When working with animating materials such as newspaper or tissue paper the improvisatory dynamic is a dialogue between the performer and the material. If the material is dominated by the performer then we get the feeling that the object or the material does not get given an opportunity to speak or to "Have its say" We are looking for our work with objects to be as stimulating as two performers working onstage together. If one performer were to dominate the other onstage then it could be a troubling interaction. We can begin to worry about the other performer and whether they are enjoying themselves. The same is true for our objects. If the object is given space then it has some life. If the puppeteer is too dominant then it doesn't even get the opportunity to be born. The other thing to know is that in watching a puppeteer animating materials we see his attitude to the world he inhabits. How a performer interacts and treats his materials will be a good indication of how he will treat other performers and also himself during the creative process.
In watching performers improvise with newspapers we see that each performance from beginning to end is a miniature act of creation. How this improvisation is birthed and brought to its conclusion is a whole journey. The puppetry table becomes the whole world and the stories that happen can be epic in their themes. The imagistic and symbolic nature of the form means that those who are watching see big stories of love, conflict and death.

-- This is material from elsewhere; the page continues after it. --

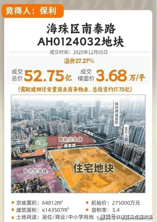 在广州海珠区西南部,一个被业内称为“海珠西终极拼图”的重磅地块——保利南泰路地块(原翠城花园东地块)正悄然酝酿一场居住格局的变革。该地块在激烈竞拍中由保利以35亿元总价斩获,叠加无偿移交商业配建成本后,总投入超51亿元。随着最新修规方案落地,其“14.3万㎡住宅+20万㎡商业综合体+优质学区+三地铁环绕+公园绿地”的全维配置,迅速成为市场焦点。为何南泰路地块被视为海珠西的新流量密码?它又将如何称霸区域楼市?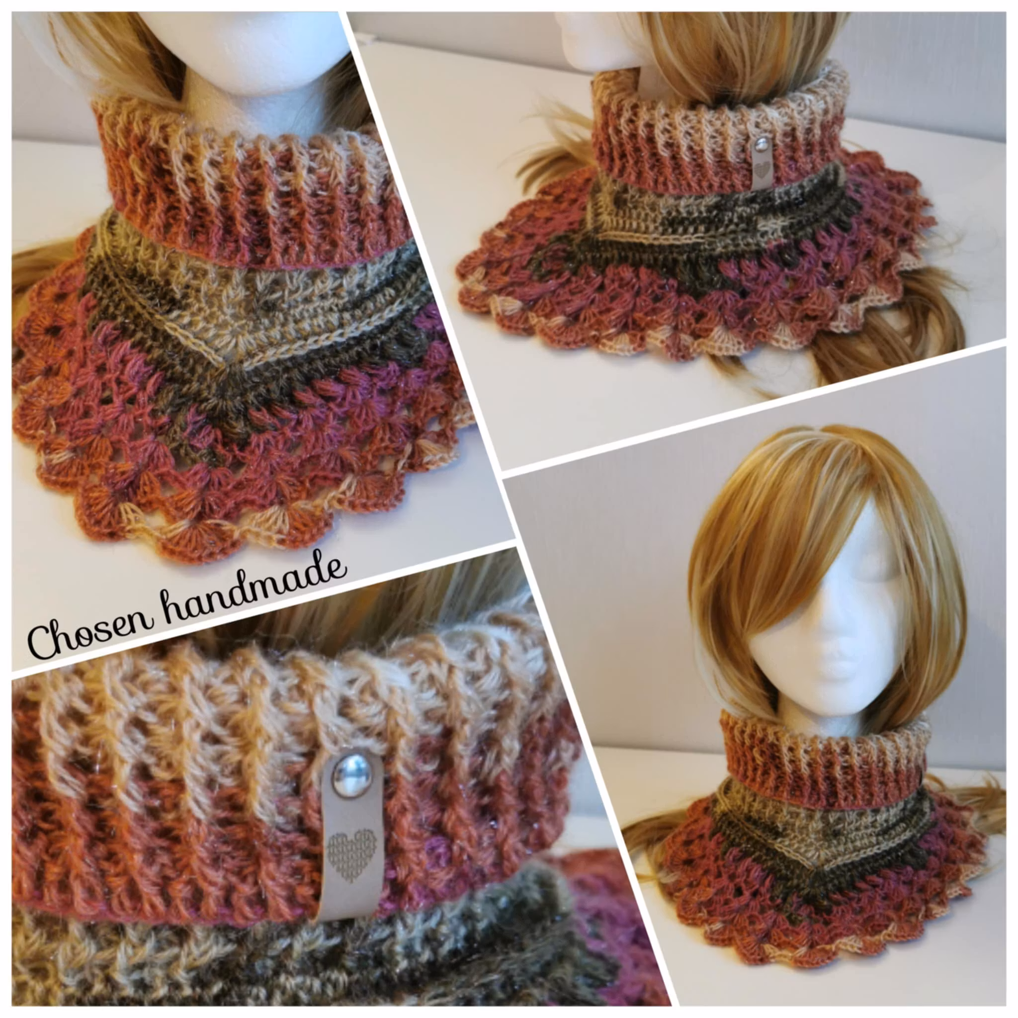Halskrage med flera vackra mönsterdetaljer, kragen går ned i en spets fram och bak, virkad i lätt och luftigt garn, lätt som en fjäder!

The situation on some level seems to ask ‘how can we learn more but remain innocent?’
What do we hope for the future?
We hope that the fact that puppetry is part of a show will no longer become an issue - that it is considered in the same way as text, design or movement as part of our available theatre vocabulary.
When an aspect of theatre has been marginalised and then becomes more adopted by the mainstream there is excitement that people begin to see its value but there is also simultaneously a sense of loss become because puppetry perhaps loses some of its sense of being special. It is no longer just ours but belongs to everybody.
We worry that something dear to us has just become a fashion. Perhaps the way to make sure puppetry is used well is to remember why we first used puppets and what things were trying to be said by these strange creatures and ensure that when we use them we are truly speaking from that space. If we are just using them because they are the next “in” thing then we should put them aside for a while and wait till they want to join in again.